Natsumi Sue spielte Felix Mendelsohn Bartholdy in der Ev. Friedenskirche

Man sieht das Spinnrad förmlich schwirren, wenn Natsumi Sue am Klavier das „Spinnerlied“ Op. 67 Nr. 4 von Felix Mendelsohn Bartholdy spielt. Die Töne wirbeln durch den Raum und das virtuose Spiel Natsumi Sues begeistert die zahlreich erschienenen Musikinteressierten in der Ev. Friedenskirche. Die in Osaka geborene und nun in Münster lebende und studierende Pianistin hat das kleine Stück spontan in ihr Konzertprogramm aufgenommen. Sie erzählt dazu, dass sie als junges Mädchen dieses Stück einmal bei einem Wettbewerb spielen musste. Jetzt, wo sie sich intensiver mit der Musik Felix Mendelsohn Bartholdys befasst hat, spielt sie das Stück aus den „Liedern ohne Worte“ mit anderer Motivation.

Die Zuhörerinnen und Zuhörer erlebten einen besonderen Klavierabend in der kleinen Kirche am Erlenbusch. Eröffnet wurde das Konzert mit Op. 19 Nr. 4 aus dem ersten Heft der „Lieder ohne Worte“. Natsumi Sue erläutert dazu, dass das aus acht Heften bestehende Klavierwerk ein Lebensprojekt Mendelsohn Bartholdys war. Die ersten der insgesamt 48 Stücke schrieb der gerade Mal 20jährige Komponist, die 12 letzten Stücke erschienen posthum, nachdem Mendelsohn Bartholdy mit nur 38 Jahren gestorben war. Manche bekannten Titel wie das „Spinnerlied“ stammen nicht vom Komponisten. Das„Venetianische Gondellied“ Op. 30 Nr. 6, mit dem Natsumi Sue zu einer musikalischen Venedigreise einlud, hat Mendelsohn Bartholdy selbst so bezeichnet. Formal sind die Musikstücke tatsächlich kleine Lieder. Natsumi Sue zeigte an ihnen nicht nur ihre kunstfertige Seite, sondern überzeugte auch mit ihrer einfühlsamen Interpretation dieser poetischen Miniaturen.
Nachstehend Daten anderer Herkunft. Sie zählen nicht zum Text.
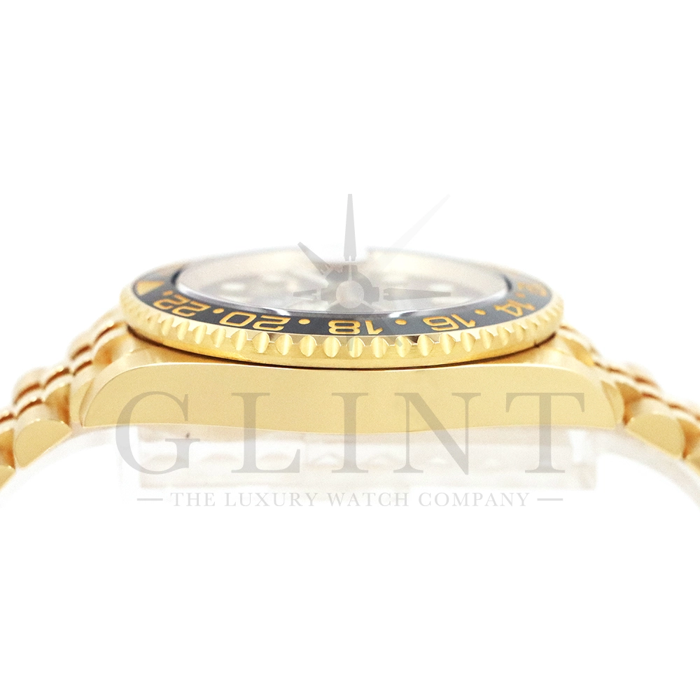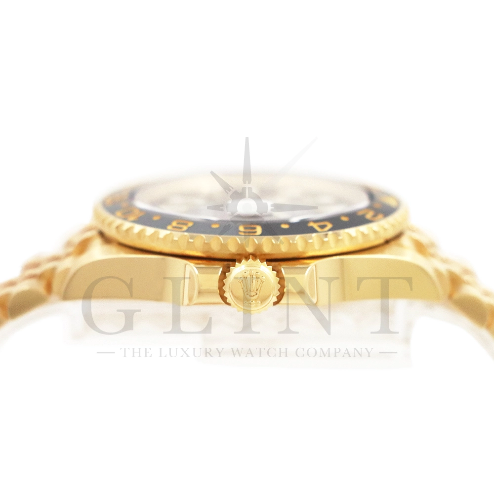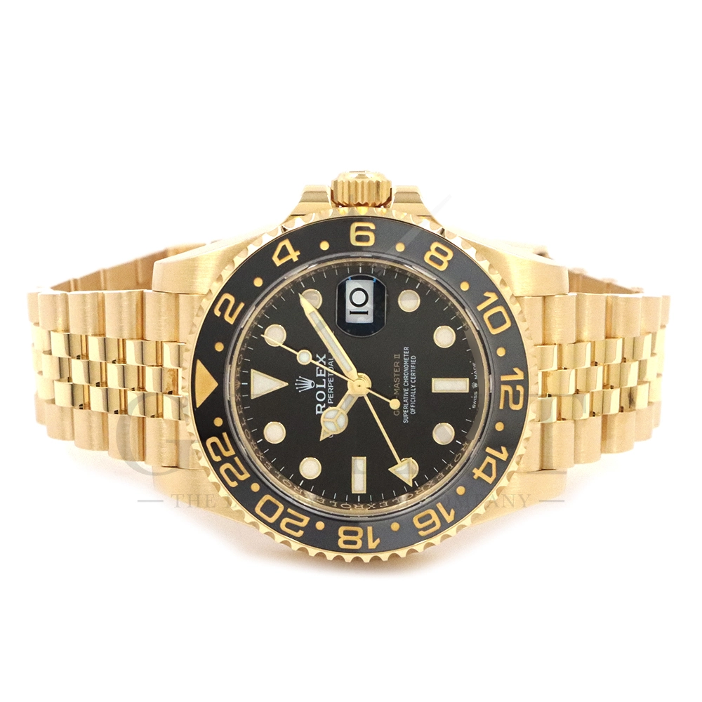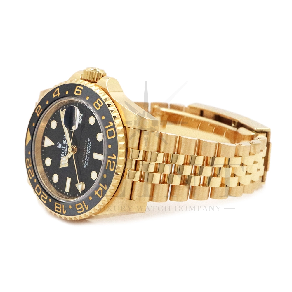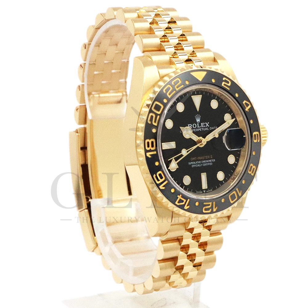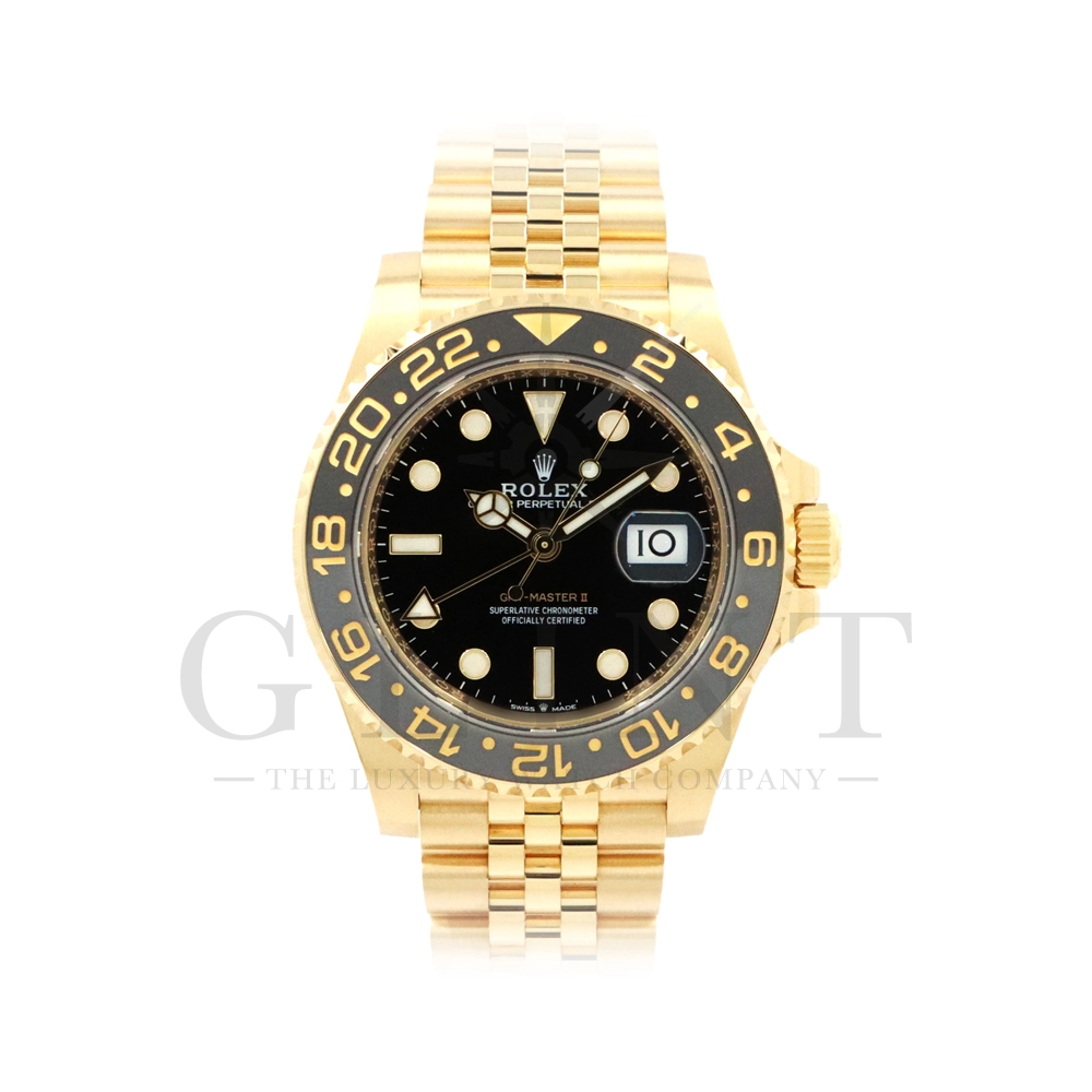 こちらは2023年の新作として発表されたロレックス GMTマスター2 126718GRNRです。ベゼルはグレーとブラックのツートンカラー、文字盤の24時間針には18ctイエローゴールドを採用。ケース素材と見事な相性で魅了します。ブレスレットには1945年にオイスターパーペチュアルデイトジャストの発売に合わせて特別にデザインされた5列リンクのジュビリーブレスレットを搭載し、しなやかで快適な装着感と特有の高級感を与えてくれます。搭載されているロレックスが独自に開発・製造したキャリバー3285はロレックスが特許を取得したクロナジーエスケープメントを採用し、高いエネルギー効率により70時間ものパワーリザーブを誇ります。ワンランク上のGMTマスターIIをお楽しみになりたい方にオススメの一本です。
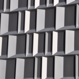 Facaden er udført i 100% præfabrikerede moduler i systemet HansenUnitAl, der sikrer en væsentlig kortere byggetid på pladsen og rekordhurtig lukning af huset.
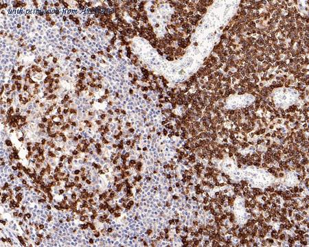 Immunohistochemical analysis of paraffin-embedded human lymph nodes tissue with Rabbit anti-CD5 antibody (HA721137) at 1/1,500 dilution. The section was pre-treated using heat mediated antigen retrieval with Tris-EDTA buffer (pH 9.0) for 20 minutes. The tissues were blocked in 1% BSA for 20 minutes at room temperature, washed with ddH2O and PBS, and then probed with the primary antibody (HA721137) at 1/1,500 dilution for 1 hour at room temperature. The detection was performed using an HRP conjugated compact polymer system. DAB was used as the chromogen. Tissues were counterstained with hematoxylin and mounted with DPX.
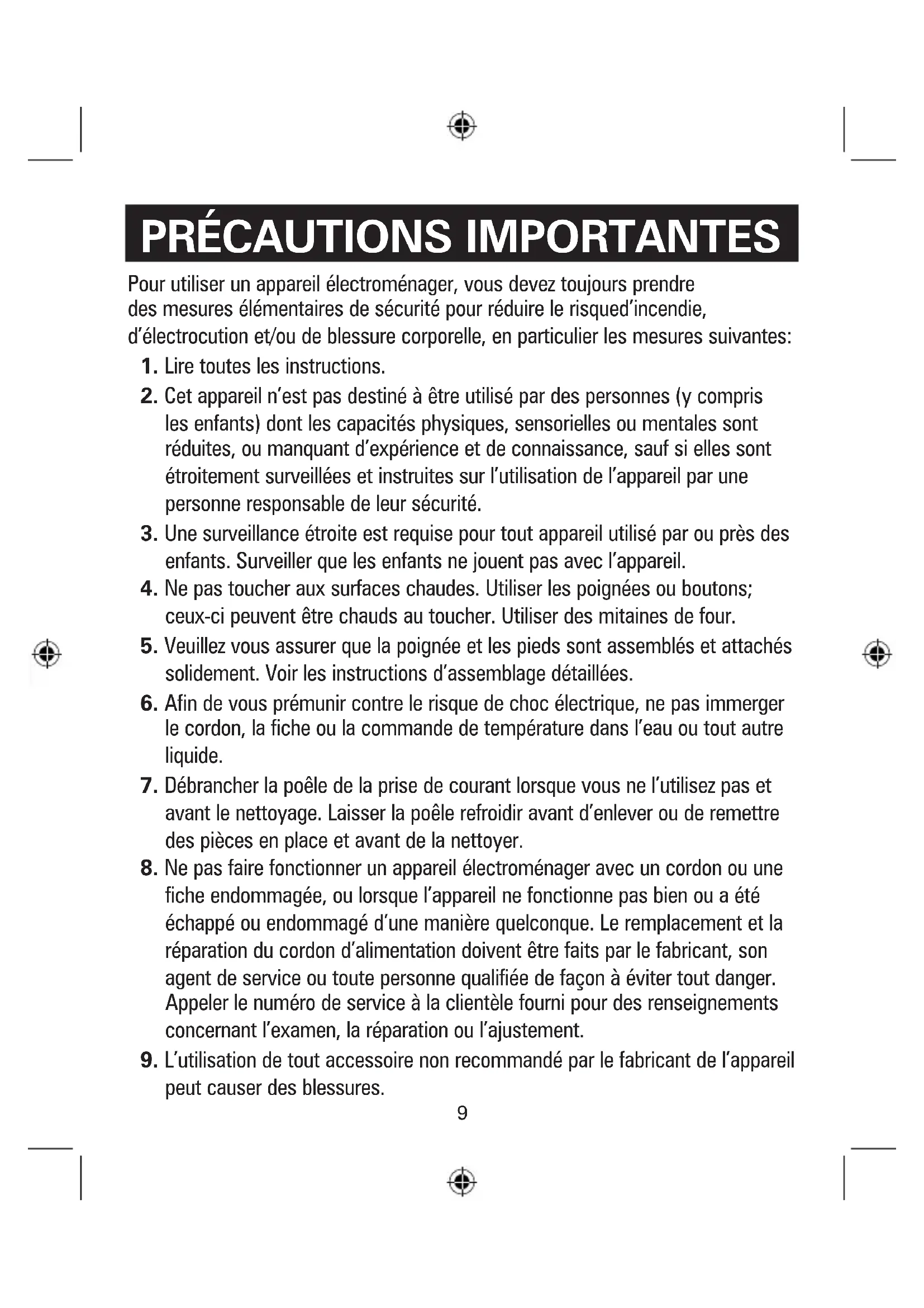9. L’utilisation de tout accessoire non recommandé par le fabricant de l’appareil
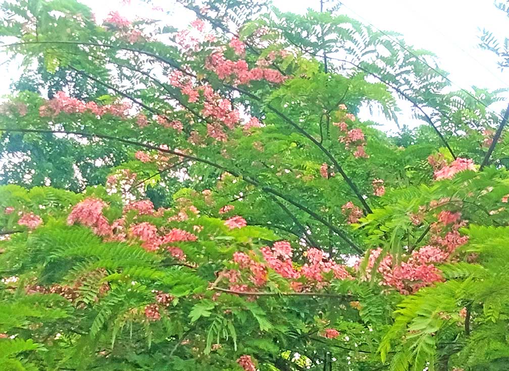 Locally known as "Lal Sonail," this tree is considered a wonderful gift of nature. Its pink and deep red blossoms have created a unique scenic charm across the area. A fully bloomed Cassia tree located in front of an online point on College Road has now become a visual attraction.
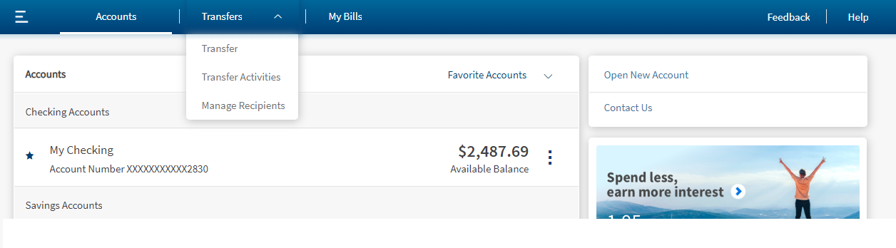The different options available under Transfers and Pay, that is, Transfer Money, Pay Bills, Send Money and Wire Transfers are displayed based on the user's entitlements within Spotlight. In case the user does not have access to any of these, that option is not available here and in the corresponding menu in the navigation pane.
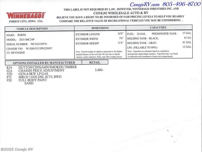Request More Info on this 2025 Winnebago Porto 24P Offered for sale by Conejo RV
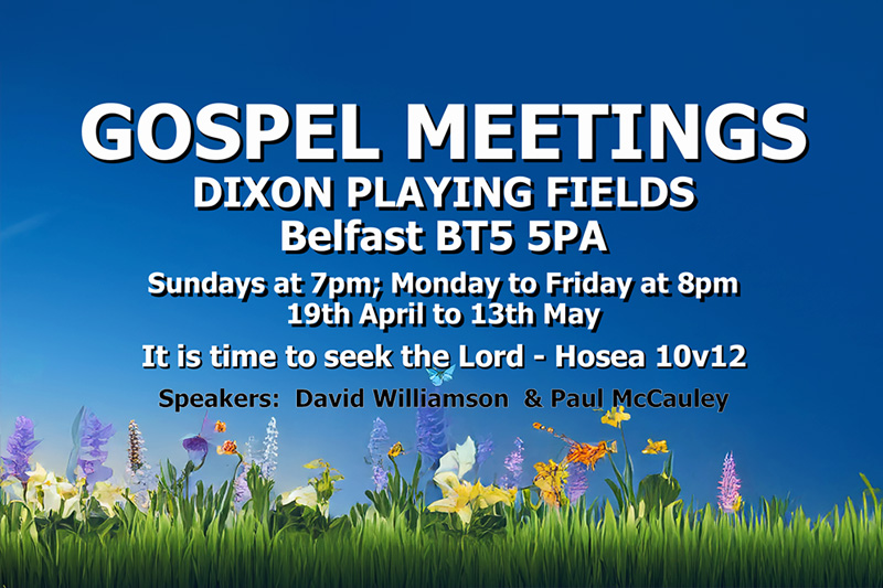 Along with several other Assemblies in east Belfast are holding Gospel meetings in Dixon Park. If you are free you will be made welcome but if not you can hear the last meeting by clicking the picture above.
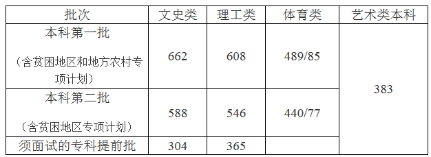 2015年我省本科第一批、第二批及艺术类本科、须面试的专科提前批的分数线已确定,现向广大考生公告如下: 本科第一批(含贫困地区和地方农村专项计划):文史类662分。…[详情]
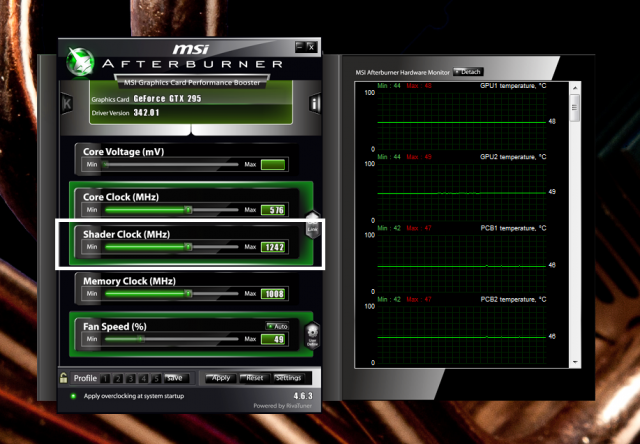 نرم افزار رو ببر روی این اسکین؛ ممکنه یکم بیشتر بتونی فرکانس بدی، اگه هم نشه حداقل میتونی فرکانس Shader رو بیشتر کنی. به غیر از این ببین فرکانس Memory رو تا چه حد میتونی ببری بالا؛ اول 50MHz ، 50MHz ببر بالا تا جایی که کرش بشه. بعد از اون کم کم فرکانس پایدار رو پیدا کن و دما رو هم همیشه چک کن. البته ریسک خراب شدن کارتت هم هست.
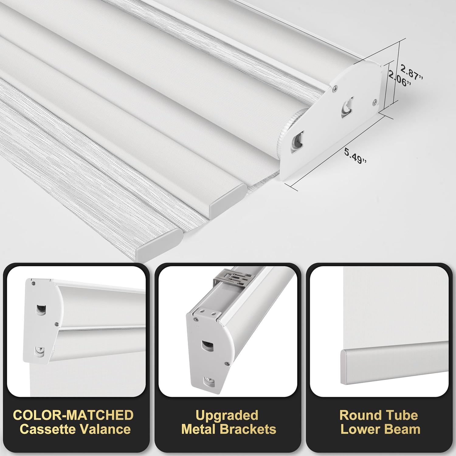- FREE STOP CORDLESS SYSTEMļ¼The cordless double roller shade prioritizes safety with a cordless design designed for families with small children or pets.You just need to pull down or push up to stop at any position you want. COLOR-MATCHED CASSETTE VALANCEļ¼The hidden installation of the cordless roller blinds can effectively reduce installation gaps, reduce light leakage.The color of the cassette valance is same as the fabric color,making the day night blinds more beautiful after installation.
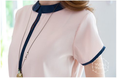 เสื้อคอตั้งๆแต่งปกบัวเล็ก ใต้ปกผ่าหยดน้ำแคบๆด้านหน้า ช่วงกลางเสื้อด้านหน้าและหลังแต่งแถบกุ๊นคู่ยาว ผ่าหยดน้ำติดกระดุมคอด้านหลัง ผ้าไหมอิตาลีใส่สบาย รีดง่ายมากค่า
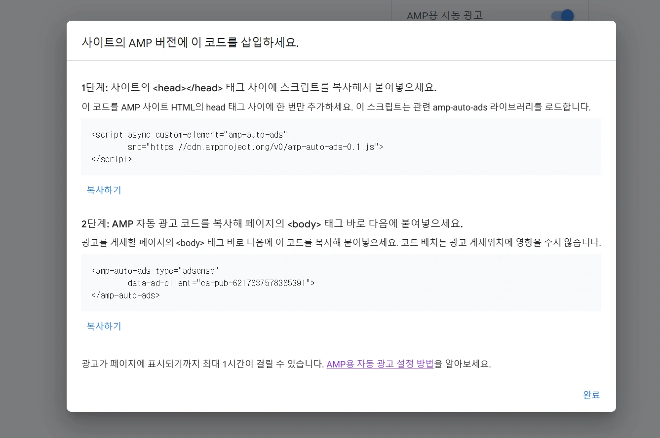 - 3. 제공되는 AMP 전용 스크립트 코드를 복사하여 head 및 body 태그 내부에 정확히 삽입
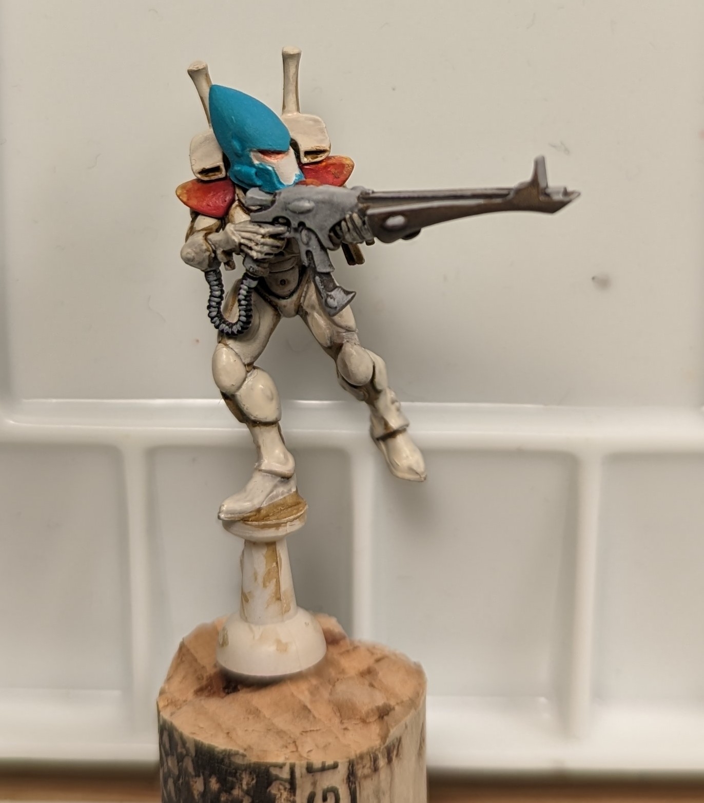 I didn't have the nicest color scheme to work with, but I think I made due. I wish the chest was a bit more visible on the finished model, but you can still make out the white on the tabletop. A good challenge and nice sculpt, I like his backpack's missile reloading arm.
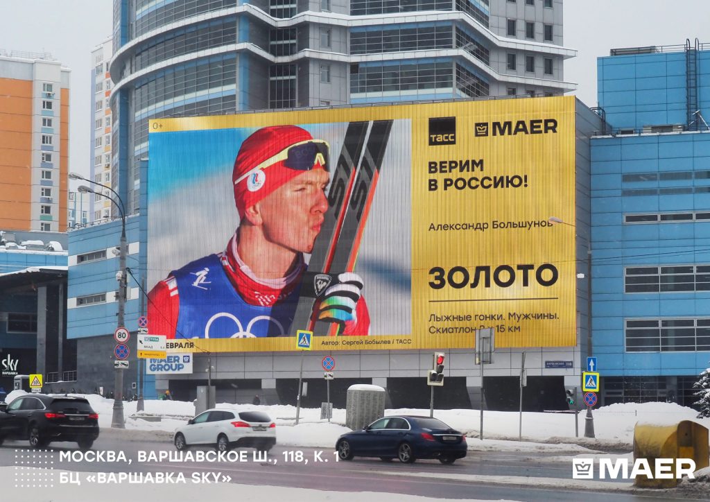 С началом зимней Олимпиады-2022 россияне увидели спортивных героев в беспрецедентном масштабе. Фотографии призеров и победителей зимних Игр-2022 ежедневно транслируются на крупноформатных рекламных экранах медиахолдинга MAER.
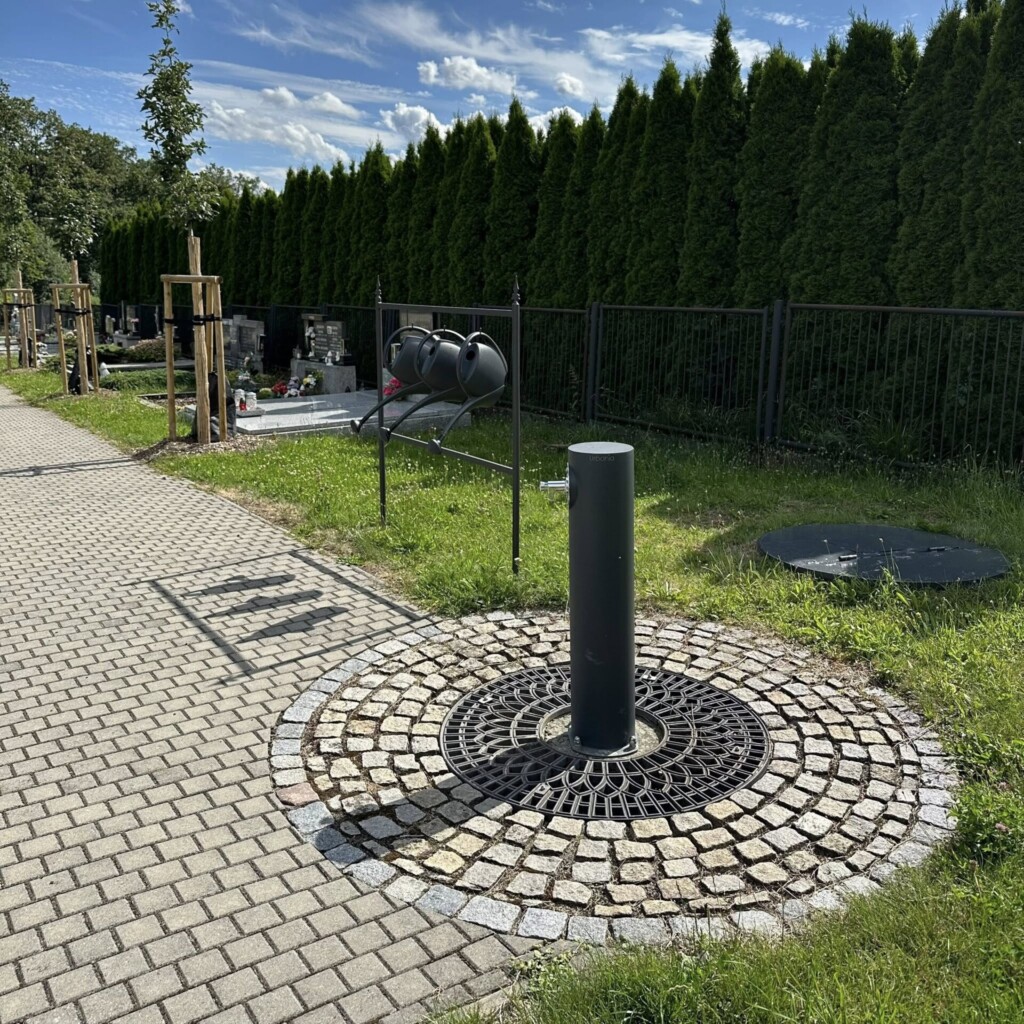 Na základě podnětu místní občanky jsme k prameníkům, které byly na katolickém hřbitově instalovány v loňském roce, nově doplnili kovové stojany s plastovými konvemi. Dříve byly k dispozici pouze kovové konve, které však byly například pro seniory příliš těžké – plastové konve jsou výrazně lehčí a praktičtější.
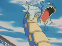 | Trinity's Gyarados was the first Pokémon Trinity used in her battle against Misty and her Poliwhirl in the Whirl Cup. Misty ordered Poliwhirl to use Bubble but Gyarados charged up a Hyper Beam, stopping the Bubble barrage and knocking Poliwhirl out. Misty then decided to send out Corsola next. Trinity commanded Gyarados to use Hydro Pump and it fired a powerful stream of water, but Misty told Corsola to counter it with Mirror Coat. The Hydro Pump was sent back, but Gyarados fired its Hyper Beam, blowing the water away and still going straight for Corsola. Corsola dove down and the beam blew up behind her. Waiting a while, Misty finished Gyarados off with Spike Cannon, which amazingly knocked it out.
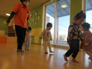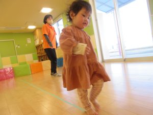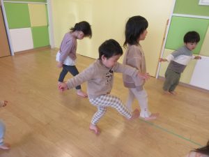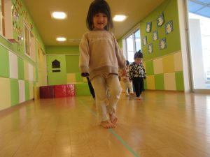 初めはそーっとそーっと渡っていた子どもたちでしたが何度か繰り返していると早歩きでもテープから落ちずに歩くことができるようになってきましたよ♪

Die junge Pianistin erzählt, dass sie die Werke Felix Mendelsohn Bartholdys für sich neu entdeckt hat, seit sie im Rahmen eines NRW-Landesprogramms Schülerinnen und Schülern der Steverschule Musik jüdischer Komponisten nahebrachte. Mit ihrem Konzertprogramm will sie mehr Menschen für Mendelsohn Bartholdys Musik begeistern. Neben einigen der „Lieder ohne Worte“ spielte Natsumi Sue die ersten beiden Sätze aus der Klaviersonate Fantasie Op. 28. Zweifelloser Höhepunkt des Konzerts waren aber die „Variations Sérieuses“ Op. 54, die zu den kompositorischen Meisterwerken Mendelsohn Bartholdys gehören. Für den lang anhaltenden Applaus bedankte sich Natsumi Sue mit Chopins Nocturne Nr. 20 als Zugabe.